IcedID campaigns vary delivery methods
References: @pr0xylife | @Max_Mal
IcedID distributors have again changed up their TTPs, with two distinct IcedID delivery chains being observed this past week - one using the zip > iso > lnk mechanism, and another that used an rtf maldoc to deliver the payload.
Campaign #1
The campaign begins with delivery of a password-protected zip archive containing an iso.
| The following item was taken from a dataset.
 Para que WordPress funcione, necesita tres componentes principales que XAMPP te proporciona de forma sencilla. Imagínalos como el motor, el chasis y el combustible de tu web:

This contains <file>.png.lnk and <decoy_image>.png;
Execution of the .lnk will first open the decoy png image using start.exe;
Curl is then invoked to download the .dll payload, executing it with rundll32 at ordinal #1.
The key takeaways:
The use of a decoy image - which is a page from a finance-related document - to give the user the impression they opened the expected attachment, while the payload is downloaded and run in the background; and
The use of carets to obfuscate the command line - these are ignored when run, but will bypass simple string-based detections.
Campaign #2
VBA macros embedded in a rtf maldoc provide initial code execution;
This drops two files:
[a-zA-Z]{2}\d{3}.tmp.exe - a renamed copy of rundll32.exe;
[a-zA-Z]{2}\d{3}.tmp.dll - the IcedID payload;
The renamed executable is used to execute the IcedID dll at ordinal #1.
The key takeaways:
VBA Macros and rtf payloads are still being used - just less frequently;
The use of a BYO binary to obfuscate the use of rundll32.exe;
Despite the dropped instance of rundll32.exe being renamed, the spawned child process that executes the dll still appears with the original filename.
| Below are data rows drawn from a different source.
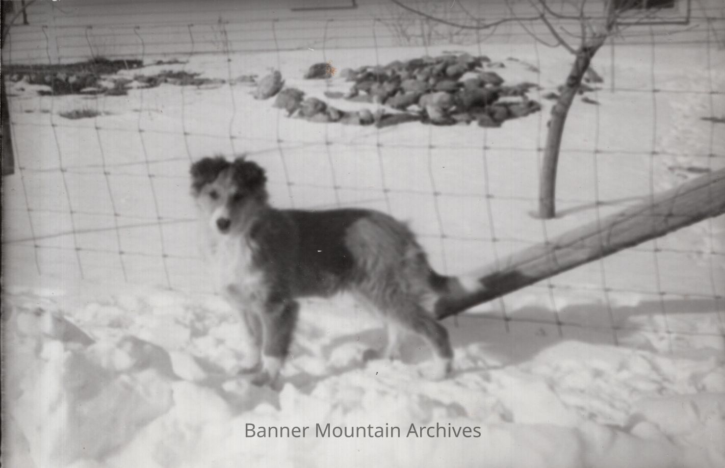 Dog in the snow at the Banner Ranch, circa 1930s.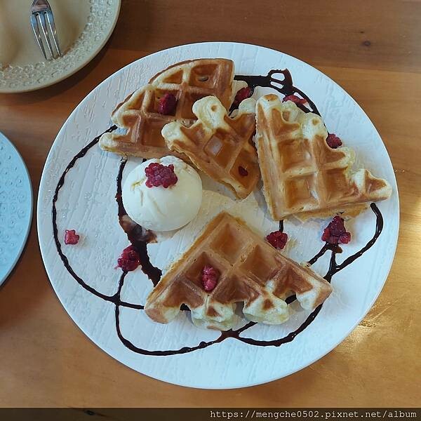 鬆餅外面酥脆裡面又QQ的有嚼勁,配冰淇淋加莓果酸甜不膩,吃飯配上窗外落羽松景色讓人心曠神怡。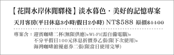 花間水岸提供旅人最貼近風雲際會的渡假休憩閒空間,享受真正淡水河畔的吃、住、玩、樂。淡水旅遊,選擇住宿水岸旁的花間驛棧,感受充分流連淡水夜色中的滋味。

NetSupport RAT Campaign Summary
References: @SecurityAura | @ankit_anubhav
@SecurityAura has shared a neat summary of a recent campaign distributing the NetSupport RAT - a legitimate remote access tool abused by cyber crims - spanning from August 9 past August 18.
Key Campaign Details:
Emails (hijacked email threads) contain Google Drive/Dropbox links to download zip payloads
Unzip archive with password. Executing the .lnk runs an obfuscated .ps1 script that downloads and runs the NetSupport .exe
The tricky part is the PowerShell, which uses aliases to obfuscate its intention:
If you’re looking to run a quick simulation to test your detections, @ankit_anubhav has provided a handy PoC that’ll emulate the execution chain from the initial payload invocation through to the PowerShell download cradle.